04-22-2014 04:35 PM - edited 04-22-2014 04:42 PM
It would be interesting to note what the new parameters for treatment of hypertension are before making a decision on this. Here's one article and there are more circulating out there.
I think the professional juries are still out as to whether to endorse the new guidelines or not. It's really not for us to say as laymen but any changes should be individually patient-based. Those of us with severe hypertension are probably not going to be affected because it won't change our medication regimen.
I do think it's interesting to note that the AAFP and the Heart Association are not advocating the change in guidelines yet. The AAFP will apply it's own testing methods prior to making a decision and the Heart Association continues to endorse the guidelines already established for treatment of hypertension.
05-09-2014 08:29 PM - edited 05-09-2014 08:37 PM
I am personally highly suspect of the timing we see with all the "new guidelines" for health screening coming out in general.
We see new guidelines advising less frequent testing for mammograms, PSA-prostate, different BP guidelines, etc..etc...etc....
All of these reduced testings coming at the same time as the USA is trying to revamp its healthcare system.
I have some suspicion cost savings are more at play here than real medical or scientific findings intended to improve the accuracy of spotting illness.
This way, when more and more people are gradually shifted to a system managed by the central government, they can show reduced costs in the system ......... with all this reduced monitoring helping to reduce the costs of course.
The same kind of thing is going on in the corproate world
- We now have lots of Pharmaceutical companies buying up all the health food, natural and supplement companies.
Some say it is to diversify their business portfolios ---- owning both the medical and natural sides of the business.

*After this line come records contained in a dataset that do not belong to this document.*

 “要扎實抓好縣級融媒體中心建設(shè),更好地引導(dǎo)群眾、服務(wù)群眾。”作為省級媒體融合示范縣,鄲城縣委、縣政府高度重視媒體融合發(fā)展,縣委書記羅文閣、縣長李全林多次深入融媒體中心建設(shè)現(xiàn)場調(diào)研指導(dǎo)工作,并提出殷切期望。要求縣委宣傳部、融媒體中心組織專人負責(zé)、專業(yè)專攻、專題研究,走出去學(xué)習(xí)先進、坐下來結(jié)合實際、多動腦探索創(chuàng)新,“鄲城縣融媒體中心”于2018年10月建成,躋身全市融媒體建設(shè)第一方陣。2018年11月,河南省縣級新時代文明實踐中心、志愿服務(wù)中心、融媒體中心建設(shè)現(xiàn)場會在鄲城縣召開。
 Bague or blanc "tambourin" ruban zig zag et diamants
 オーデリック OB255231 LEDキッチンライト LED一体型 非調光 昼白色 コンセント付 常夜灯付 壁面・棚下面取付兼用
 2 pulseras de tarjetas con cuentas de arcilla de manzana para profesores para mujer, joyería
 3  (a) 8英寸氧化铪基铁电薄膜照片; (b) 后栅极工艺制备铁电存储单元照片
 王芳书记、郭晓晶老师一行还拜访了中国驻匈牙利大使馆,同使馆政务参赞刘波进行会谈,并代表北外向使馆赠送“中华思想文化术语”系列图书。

Others fear it is a way to eliminate competition and force people to depend more on medicines to cure ilnnes instead of preventative healthly lifestyle choices to prevent illness.

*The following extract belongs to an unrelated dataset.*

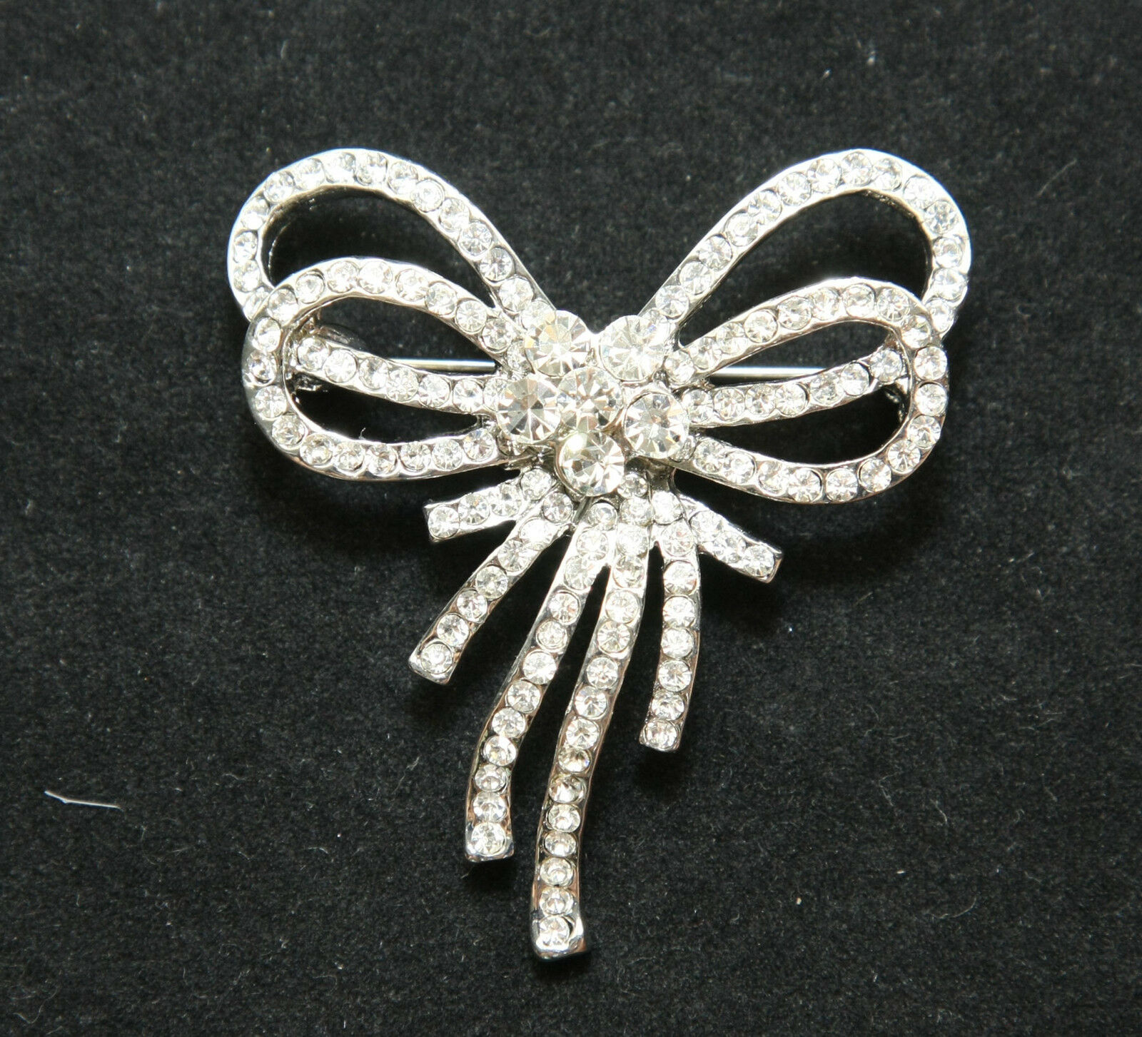 Rhinestone Crystal Silver Bridal Wedding Bow Brooch Pin

I suppose either theory has valid points.
Michael Spitzer - Author - FITNESS AT 40,50,60 AND BEYOND
05-10-2014 04:01 PM
I am a 63 year old African-American female and have suffered with high blood pressure since my pregnancy with my son in 1982. Heredity, as well as lifestyle, has played a role in my condition. My father and his mother both had high blood pressure. I think the guidelines should be set according to age, ethnicity, and lifestyle, not just a general formula for everyone. It's time for the medical world to pay attention to these differences!
05-10-2014 07:30 PM
I am not willing to risk my life waiting for them to work the bugs out of the new protocol. The old guidelines work. I trust my doctor but i research things for myself. Never leave ur health to anyone totally. Except, Jesus.
06-02-2014 01:02 PM
I think alot of doctors these days are nothing more than legal pill pushers, putting people on medications, before trying alternative methods. I tend to agree with the new guidelines, most medications out there have alist of side effects as long as both my arms and legs, how odd is it
that statins are proven to bring on diabetes type II ? This way now your on 2 maintenance drugs.

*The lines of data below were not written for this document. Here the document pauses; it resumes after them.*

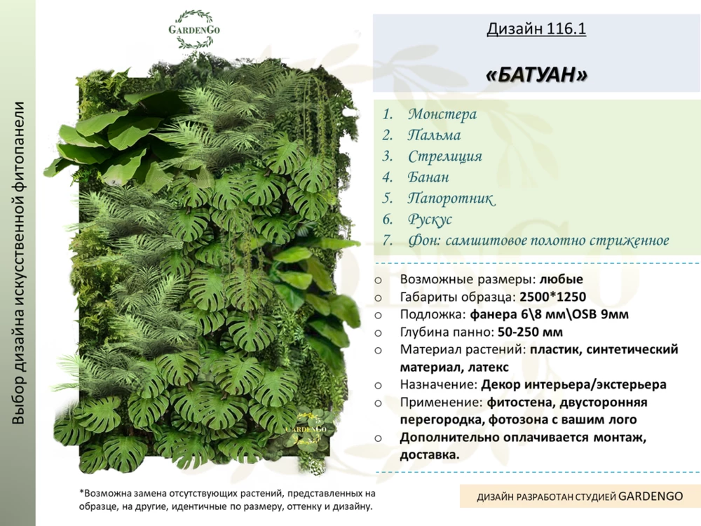 Фитостена искусственная тропическая. Дизайн №116.1 "БАТУАН"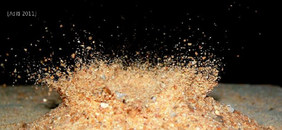 اگر یک گوی استیلی روی بستری از شن خشک سقوط کند، "پاشیدن" مشاهده خواهد شد که ممکن است همراه با جهش ستونی عمودی از شن باشد. این پدیده را بازتولید کرده و توضیح دهید.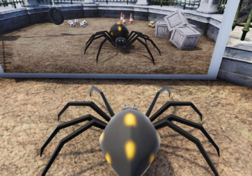 这两种动物的体验对参与者来说会有点疲惫,因为人们不得不跪在瑜伽垫上,而且各部位会出现一些对接不连贯的问题,比如变身蜘蛛者回头,可能会看到蜘蛛在他们身后,而且他们不能把身体和蜘蛛的每只脚对应;变身老虎的头部位置也产生了一些视觉扭曲: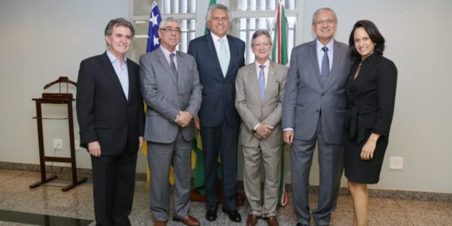 Participaram da reunião também os desembargadores Walter Carlos Lemes (Presidente eleito), Nicomedes Domingos (vice-presidente eleito) e Kisleu Dias (corregedor-geral de Justiça), e advogada e filha do governador, Anna Vitória Caiado.

Then the doctor gets to see twice as often...bilking your insurance.
09-30-2014 01:10 PM - edited 09-30-2014 05:16 PM
The current blood pressure guidelines were created after the introduction of blood pressure lowering drugs. For me, I decided I wouldn't take blood pressure meds for any reason and here's why. All my early life I had the same blood pressure, around 135/75. Every time I got my BP checked it would be around this level and the doctor would say that "your blood pressure is good". Then one day I went to the doctor to get my allergy meds and quick checkup. My BP was 132/71. This time the doc said. "your blood pressure is high, we need to do something." Interesting I thought, what changed? He said a new study shows that your normal BP should be around 120/70. The doc tells me there is a fairly new drug on the market that will lower my BP 10 points. "Ah" I say, "new drug, typical". Isn't it a coincidence that I have good blood pressure all the way up to the time a new drug is invented to lower it? I'm now 63, do brisk walking of 5 miles every day and have a BP ranging around 135/75 to 140/80 depending on when I take it, and I feel great.
These drugs are BIG business, if you don't believe it check out. There are currently 227 drugs available to lower blood pressure. It is estimated that blood pressure medications account for around 25% of the drug producer's $800 Billion net profits since 2003.
The new guideline are reasonable and will take millions of people off of blood pressure medication. This is the reason the new guidelines are being fought, lower profits for the doctors and the powerful drug companies. Don't be fooled by drug company propaganda. It's your life, take control!